- Sire: Yamanin Vital
- Grandsire: Sir Tristram
- Dam: Icing On The Cake
- Damsire: Straight Strike
- Sex: Gelding
- Foaled: 26 October 2000
- Country: New Zealand
- Colour: Bay
- Breeder: Paul Moroney
- Owner: N M Anderson, G W Breingan, G J N Jagger, T T Manning, P A Moroney & A P Ramsden
- Trainer: Michael Moroney
- Record: 32:4-1-2
- Earnings: $353,339

Major wins
- New Zealand Derby (2003)

= Cut the Cake (horse) =

New Zealand-bred Thoroughbred racehorse

Cut The Cake (foaled 26 October 2000) is a Thoroughbred racehorse who won the New Zealand Derby in 2003.

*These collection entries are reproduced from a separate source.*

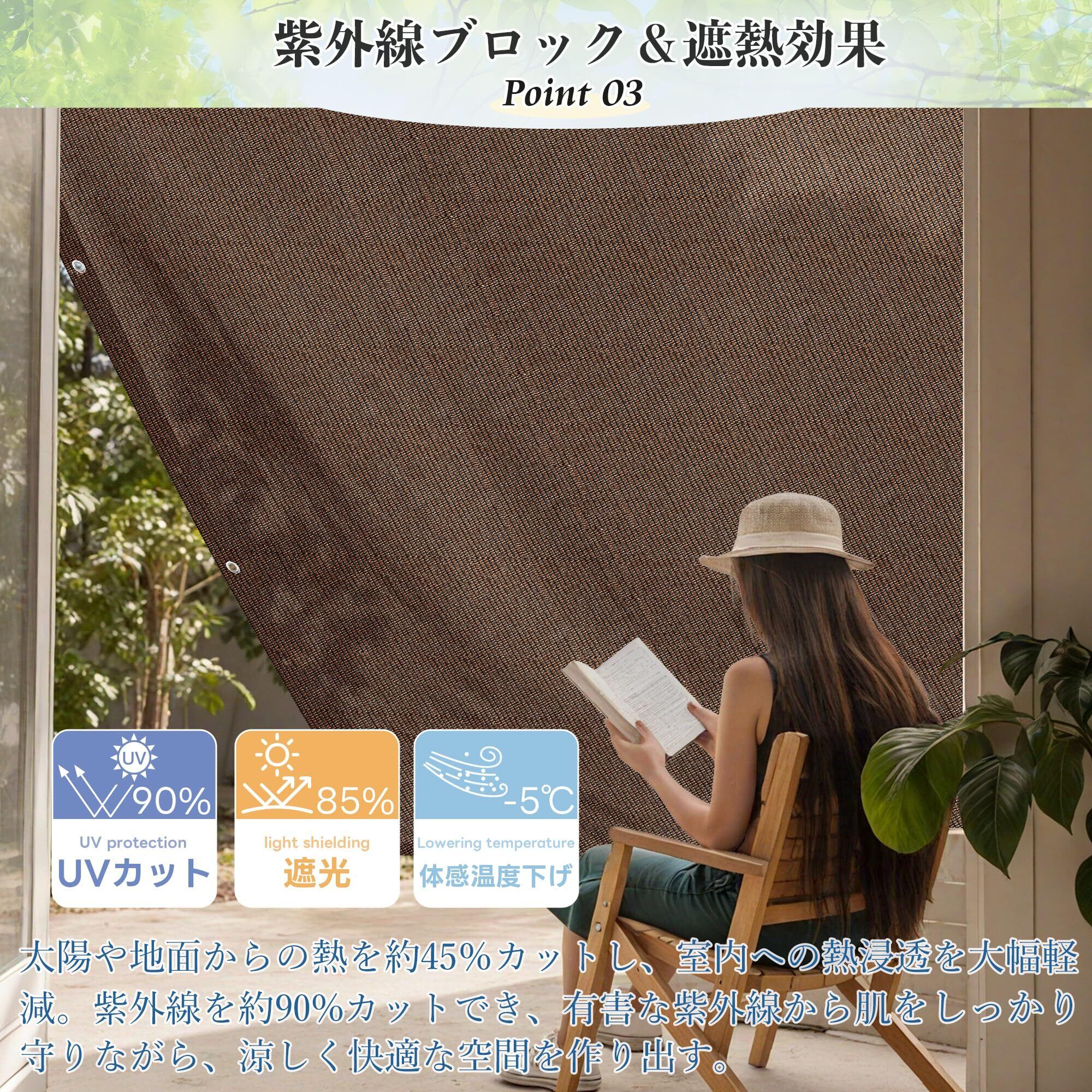 【UV剤配合で耐用年数3年】ベランダ サンシェードにUV剤を配合することで、紫外線による素材の劣化を大幅に抑制し、通常の使用環境下で3年間安定した遮熱性能と機能を維持できます。UV剤が紫外線を効果的に吸収し、日光や雨に長時間さらされてもベランダ 日除けの素材が褪色したり硬化したりするのを防ぎ、長期間にわたってベランダ シェードの機能を発揮します。頻繁な買い替えが不要となり、経済的かつ環境にも優しい選択肢となります。
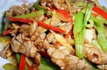 最后下爆好的牛肉跟西芹翻炒几下起锅装盘。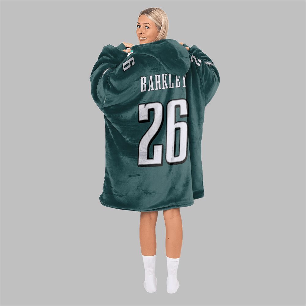 The 2025 season is here, and the Philadelphia Eagles are ready to fly high with star running back and team captain, Saquon Barkley. Elevate your fan experience with the 2025 Barkley 9 Captain Eagles Football Blanket Hoodie. This blanket hoodie is engineered for the die-hard fan who demands both style and comfort. It perfectly captures the on-field look of Barkley’s official #26 jersey, complete with the prestigious gold “C” captain’s patch, while delivering the warmth and softness of a luxurious oversized blanket. It’s the definitive way to show your allegiance, whether you’re cheering from the stands, your living room, or your favorite sports bar.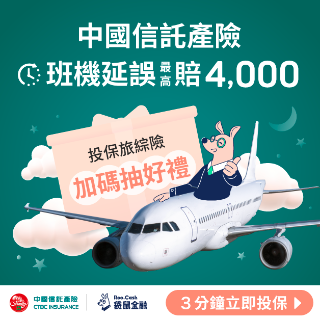 👍 旅遊不便險 班機延誤/取消、行李遺失/延誤 保障通通包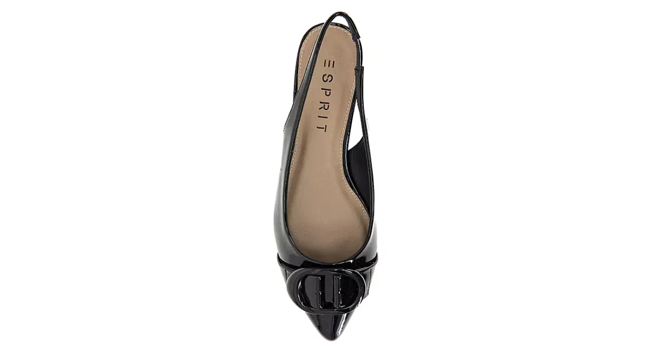 Outshine the field in the Preslee Slingback women’s flat from Esprit. Featuring a patent leather upper with a large ornament for extra style, this pointed toed flat has bold good looks for versatility. The insole cushions your foot, while the outsole adds durability.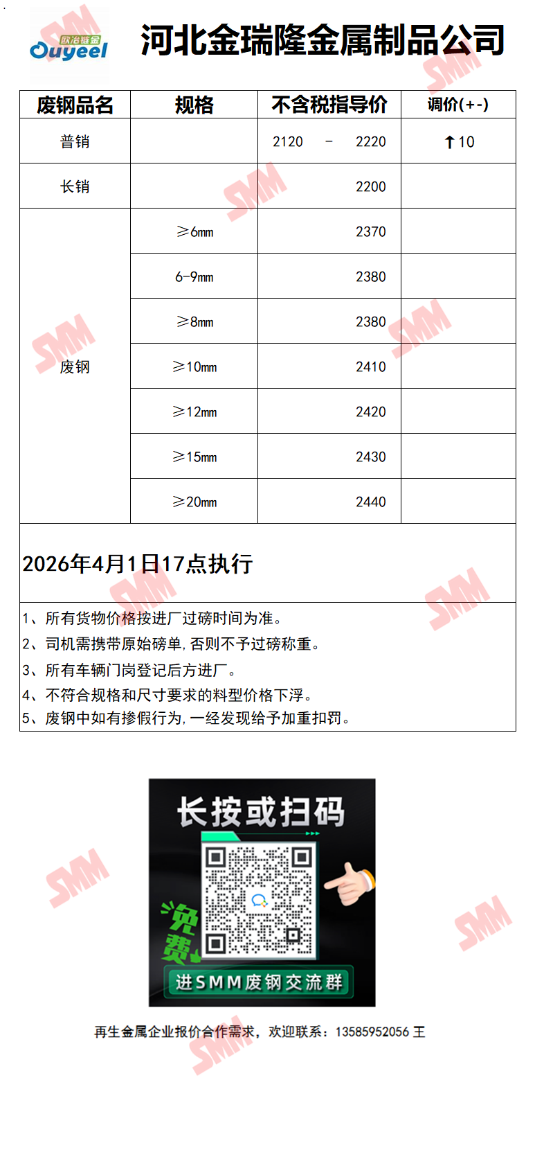 4月2日河北金瑞隆钢铁 废钢收购报价

Coming into the Derby as a winner of only a maiden at Matamata, the gelding was not among the favourites for the Group 1 race. But after being given a beautiful rails ride by Michael Coleman, he simply outstayed his rivals and won by a long head with favourite Mount Street in second place.

The win gave Paul Moroney, who has bought countless Group 1 winners at sales all around the world, the first Group 1 winner he has actually bred.

Cut The Cake was expected to go on and become a leading stayer after his Derby win, but he has been disappointing in only winning two races since, one of which was over hurdles. He ran his last race in 2006.